==== INFORMATION SHOWN

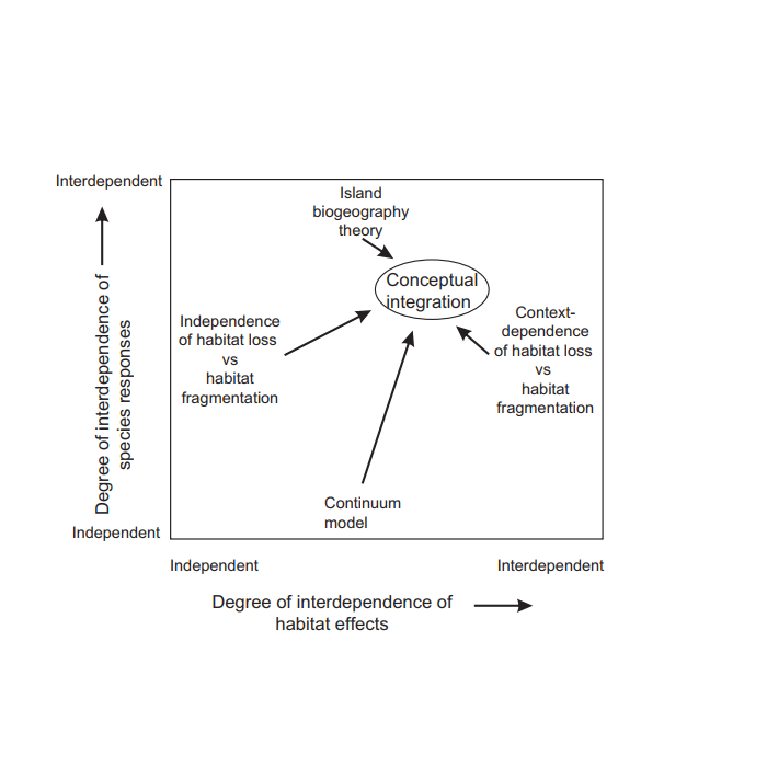 Les études sur la fragmentation sont nombreuses, et les approches diffèrent en fonction des auteurs (échelles d’étude, méthode, et définition de la fragmentation). Deux points de vue principaux sont opposés : l’indépendance de la fragmentation et de la perte d’habitat (Fahrig, 2003), ou une interdépendance de ces deux facteurs. La réponse des espèces est également scindée en deux catégories : toutes les espèces ont la même réponse à la perturbation (théorie de la biogéographie insulaire), ou chaque espèce à une réponse qui lui est propre. Les différentes approches utilisées considèrent donc des degrés de dépendance des effets de l’habitat et de la réponse des espèces différents (figure 1). Les auteurs proposent une vision plus intégrative, en considérant que chacune des alternatives (indépendance ou interdépendances des variables) ne peuvent pas être généralisables. Cependant, l’interdépendance des effets de la perte d’habitat et de la fragmentation, ainsi que l'interdépendance de la réponse des espèces serait la norme.
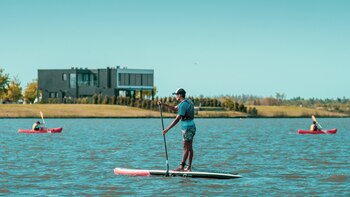 Todos los barrios tienen salida navegable a este imponente espejo de agua. El sector náutico, ubicado junto a la plaza central, ofrece en un amplio entorno acuático actividades como kayak, windsurf y paddle surf. Las tradicionales prácticas son complementadas por el wakepark más extenso del país. Cuenta con 240 metros de cable, 220 metros de riding, rampas y 8 módulos de saltos, en una playa con guardería, vestuarios y sector de gastronomía propio.
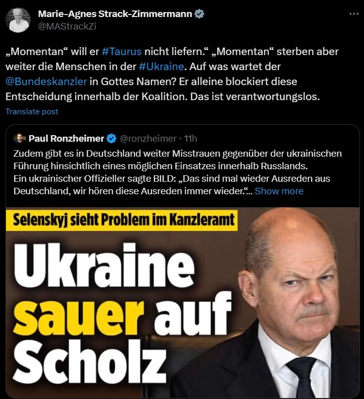 "В данный момент он не хочет поставлять Taurus. "В данный момент" - но в Украине продолжают гибнуть люди. Чего же ждет канцлер Шольц, во имя Бога? Он один блокирует это решение внутри коалиции. Это безответственно", - написала Штрак-Циммерман.
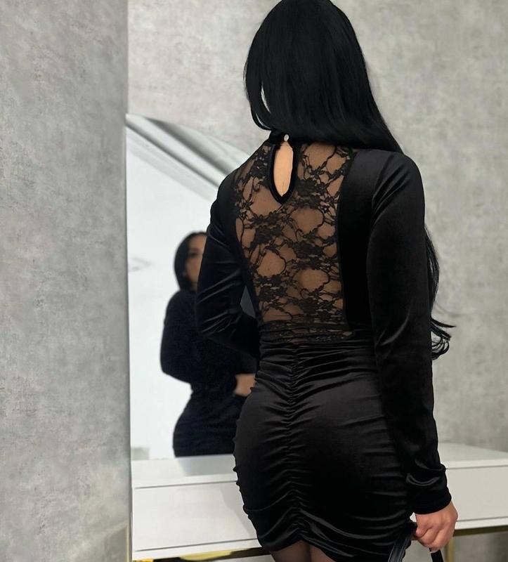 Бархатное платье с кружным облегающим кроем платье с гипюром🔥

========

Here the lines from the one containing "- написала Штрак-Циммерман." through the end of the material are to be copied exactly, with the pictures omitted.

 "В данный момент он не хочет поставлять Taurus. "В данный момент" - но в Украине продолжают гибнуть люди. Чего же ждет канцлер Шольц, во имя Бога? Он один блокирует это решение внутри коалиции. Это безответственно", - написала Штрак-Циммерман.
 Бархатное платье с кружным облегающим кроем платье с гипюром🔥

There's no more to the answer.